* Work to complete:
Using the data below, set down every line from the one containing "Nar - Kavak" through the one containing "Now you can", inclusive and unchanged. Pictures are to be skipped.

* Provided records:
_ _ _
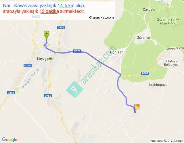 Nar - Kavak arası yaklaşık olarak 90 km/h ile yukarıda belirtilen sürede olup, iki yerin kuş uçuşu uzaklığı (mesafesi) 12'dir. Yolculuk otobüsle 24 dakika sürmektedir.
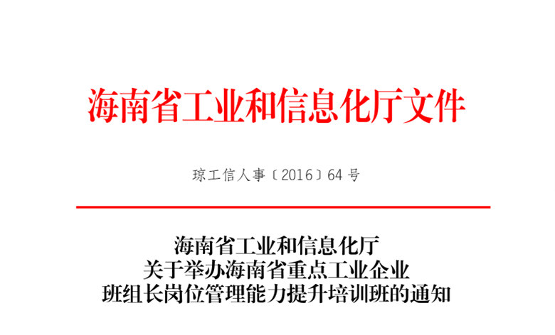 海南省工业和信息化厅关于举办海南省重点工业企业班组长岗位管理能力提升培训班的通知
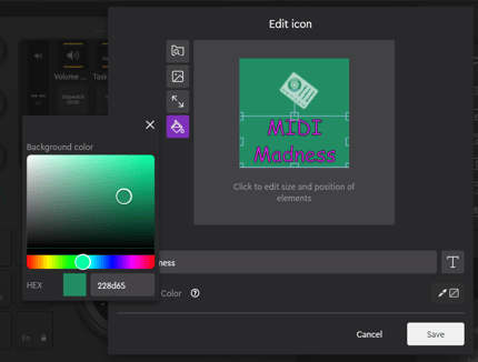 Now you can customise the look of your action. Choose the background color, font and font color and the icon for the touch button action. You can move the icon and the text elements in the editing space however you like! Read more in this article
_ _ _
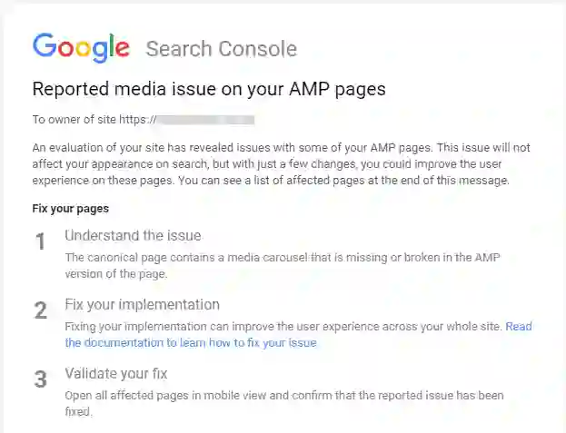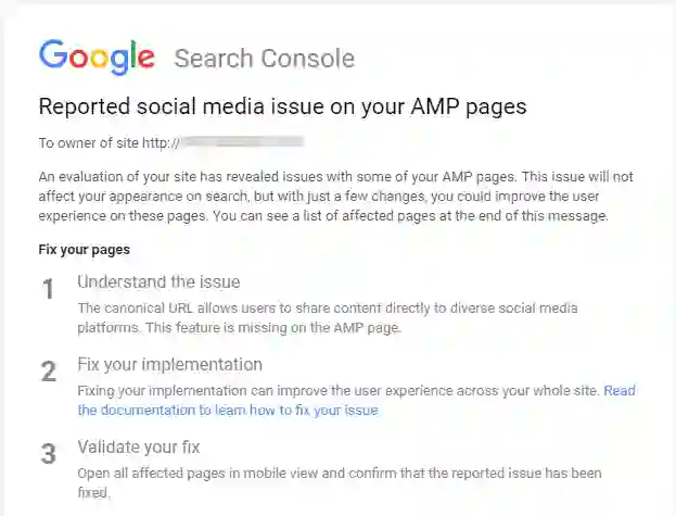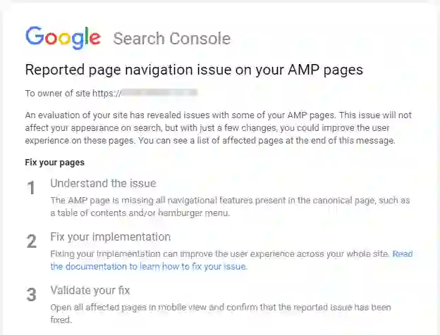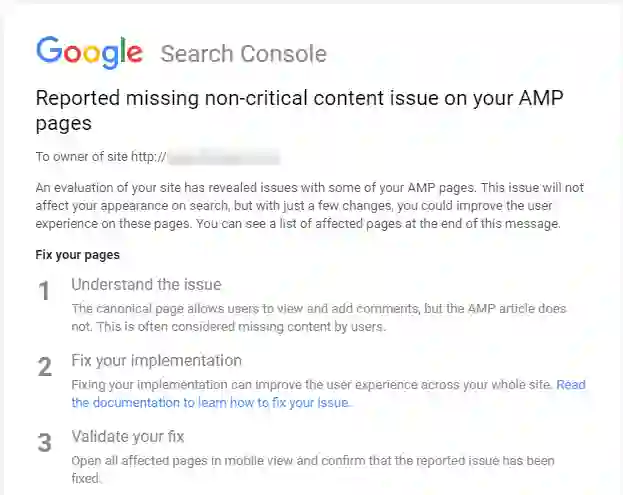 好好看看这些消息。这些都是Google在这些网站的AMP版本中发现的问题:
_ _ _
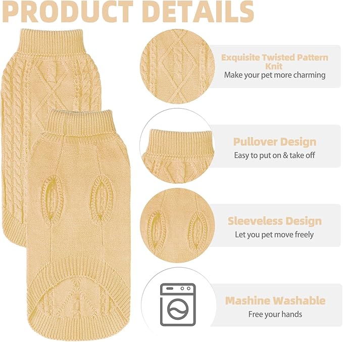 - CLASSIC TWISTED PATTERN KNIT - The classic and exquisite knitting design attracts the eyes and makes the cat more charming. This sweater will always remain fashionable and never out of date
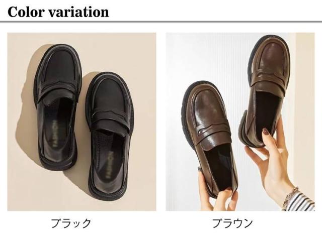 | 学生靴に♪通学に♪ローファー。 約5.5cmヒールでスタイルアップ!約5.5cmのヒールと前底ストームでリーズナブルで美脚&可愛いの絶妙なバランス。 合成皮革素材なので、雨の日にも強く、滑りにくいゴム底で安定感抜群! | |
_ _ _
* Reply to the task:
 Nar - Kavak arası yaklaşık olarak 90 km/h ile yukarıda belirtilen sürede olup, iki yerin kuş uçuşu uzaklığı (mesafesi) 12'dir. Yolculuk otobüsle 24 dakika sürmektedir.
 海南省工业和信息化厅关于举办海南省重点工业企业班组长岗位管理能力提升培训班的通知
 Now you can customise the look of your action. Choose the background color, font and font color and the icon for the touch button action. You can move the icon and the text elements in the editing space however you like! Read more in this article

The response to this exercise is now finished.